Instructions for the task | Without any images, write the listing below out word for word.

Supplied data |
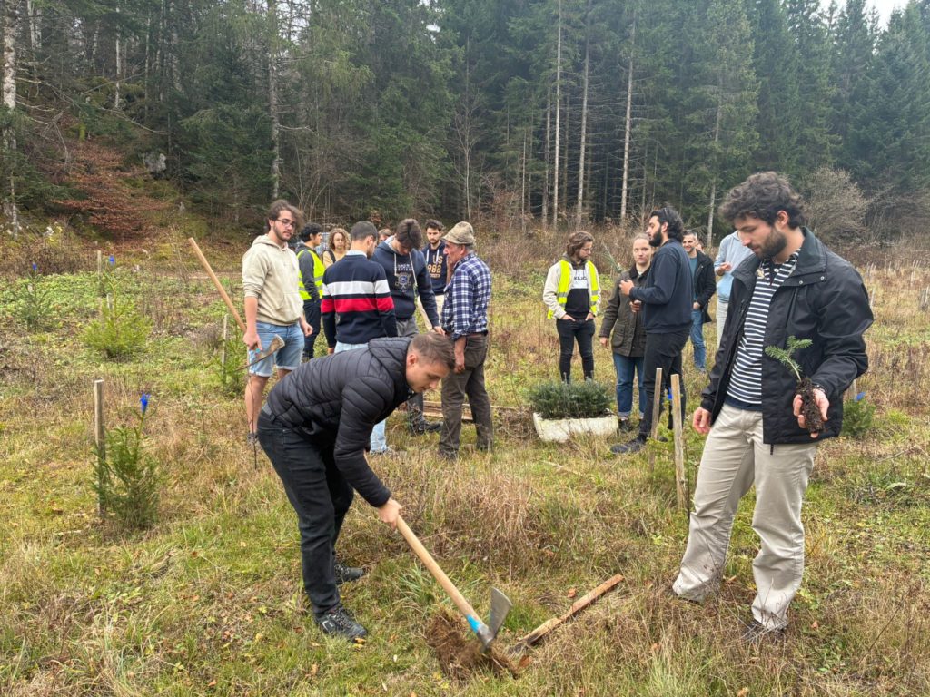 L’après-midi a été consacrée à la partie la plus symbolique de la journée : la mise en pratique. Non loin du lieu du repas, chaque étudiant a pu « mettre la main à la pâte » en plantant son propre arbre sur une parcelle dédiée.
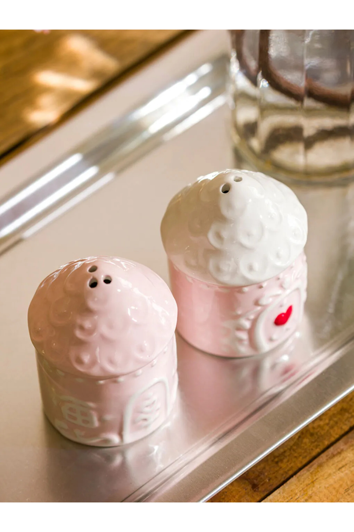Kurabiye ev şeklinde tasarlanmış, kabartma desenli ve kalp detaylı tuzluk biberlik seti, seramik malzemeden üretilmiştir.
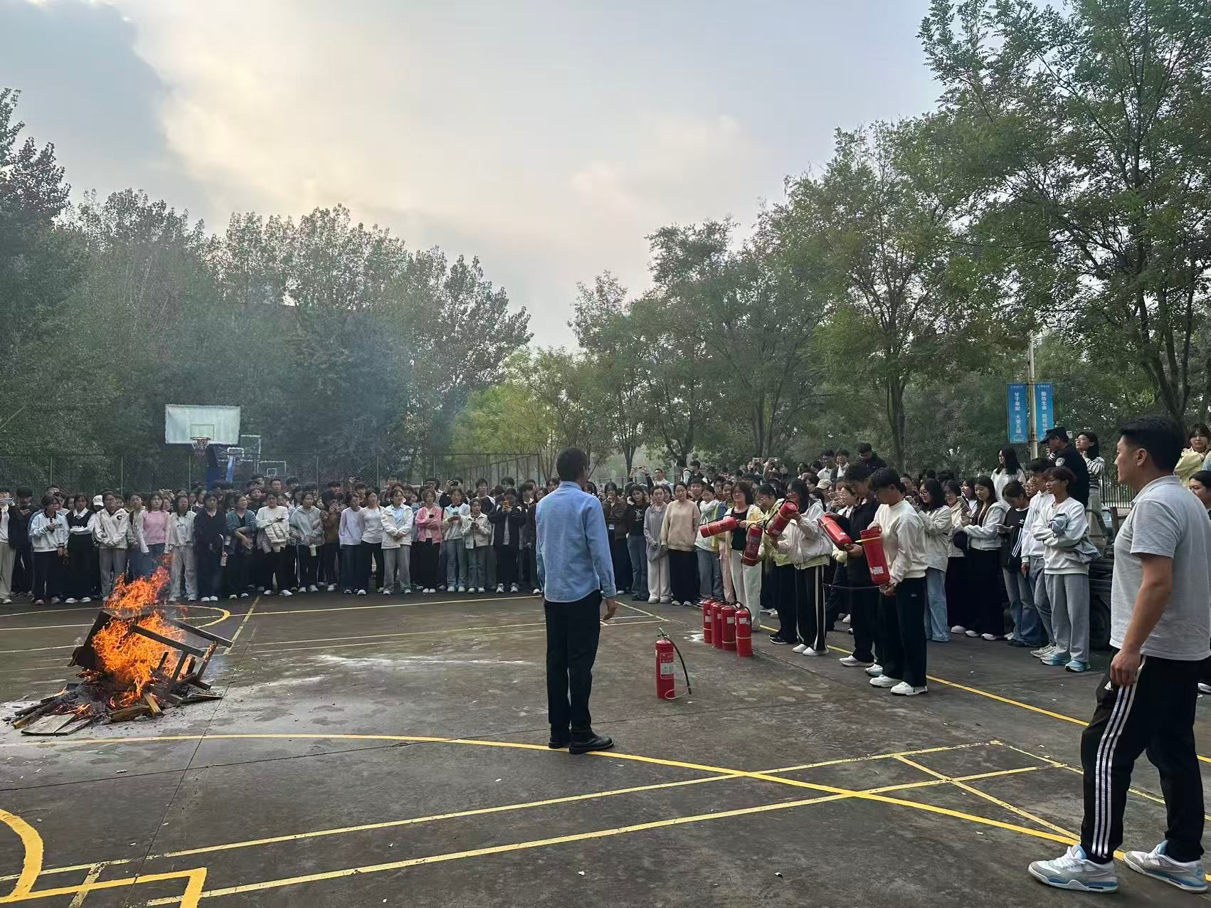 实操演练中,新生分组轮换,使用灭火器扑救模拟火源,辅导员与宿管人员同步参与。指导教员现场纠正握瓶姿势、喷射角度等操作细节,确保学生熟练掌握操作要领。

Result of the exercise |
 L’après-midi a été consacrée à la partie la plus symbolique de la journée : la mise en pratique. Non loin du lieu du repas, chaque étudiant a pu « mettre la main à la pâte » en plantant son propre arbre sur une parcelle dédiée.
Kurabiye ev şeklinde tasarlanmış, kabartma desenli ve kalp detaylı tuzluk biberlik seti, seramik malzemeden üretilmiştir.
 实操演练中,新生分组轮换,使用灭火器扑救模拟火源,辅导员与宿管人员同步参与。指导教员现场纠正握瓶姿势、喷射角度等操作细节,确保学生熟练掌握操作要领。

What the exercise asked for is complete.